Branson Ultrasonics
- Type: Subsidiary of Emerson Electric
- Founded: 1946; 80 years ago Danbury, Connecticut, U.S.
- Founder: Norman G. Branson;
- Headquarters: 120 Park Ridge Road Brookfield, Connecticut 06804, United States
- Key people: Vernon Murray (President)
- Products: Ultrasonic cleaning, Ultrasonic/sonic driller/corer, Ultrasonic machining, Ultrasonic welding
- Owner: Emerson Electric
- Website: www.emerson.com/en-us/automation/branson

= Branson Ultrasonics =

American manufacturing company

Branson Ultrasonics Corporation is an American developer and manufacturer of ultrasonic manufacturing and cleaning applications.

== History ==
The company was founded in 1946 by Norman G. Branson, a research engineer for General Electric. He remained president and CEO of the company until 1967. In 1984, Branson Ultrasonics was purchased by Emerson Electric. In 2021, Branson Ultrasonics opened its new headquarters in Brookfield, Connecticut, a suburb of Danbury, where their headquarters was formerly located.
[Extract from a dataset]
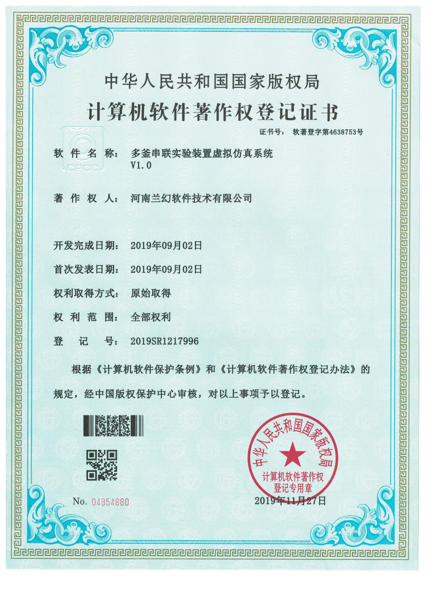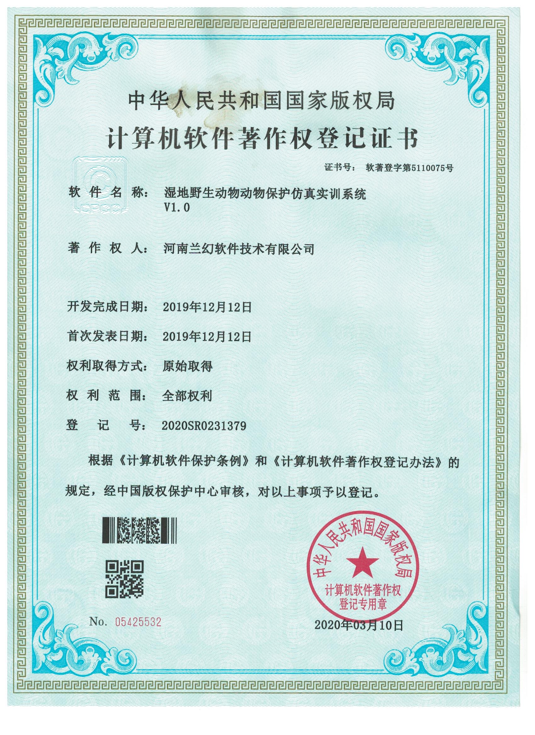 濕地野生動物保護仿真實訓系統(tǒng)著作權(quán)證書 雙套管傳熱實驗裝置虛擬仿真系統(tǒng)著作權(quán)證書 多釜串聯(lián)實驗裝置虛擬仿真系統(tǒng)著作權(quán)證書

In 2026, Branson Ultrasonics relocated its headquarters from Brookfield, CT to Farmington Hills, MI.

== Technology ==
Branson Ultrasonics specializes in the design, development and manufacturing of plastics joining and metal welding equipment. The company develops solutions for precision cleaning, degreasing and processing. The company also has expertise in ultrasonic tooling and magnetostrictive and piezoelectric technology. The company also manufactures the "Sonifier" brand of cell disrupters for laboratory experiments and research studies. The company operates manufacturing facilities in the United States, Canada, Mexico, Germany, the Netherlands, France, Slovakia, China, Hong Kong and Japan. It is ISO 14001 certified for its commitment to environmental efforts.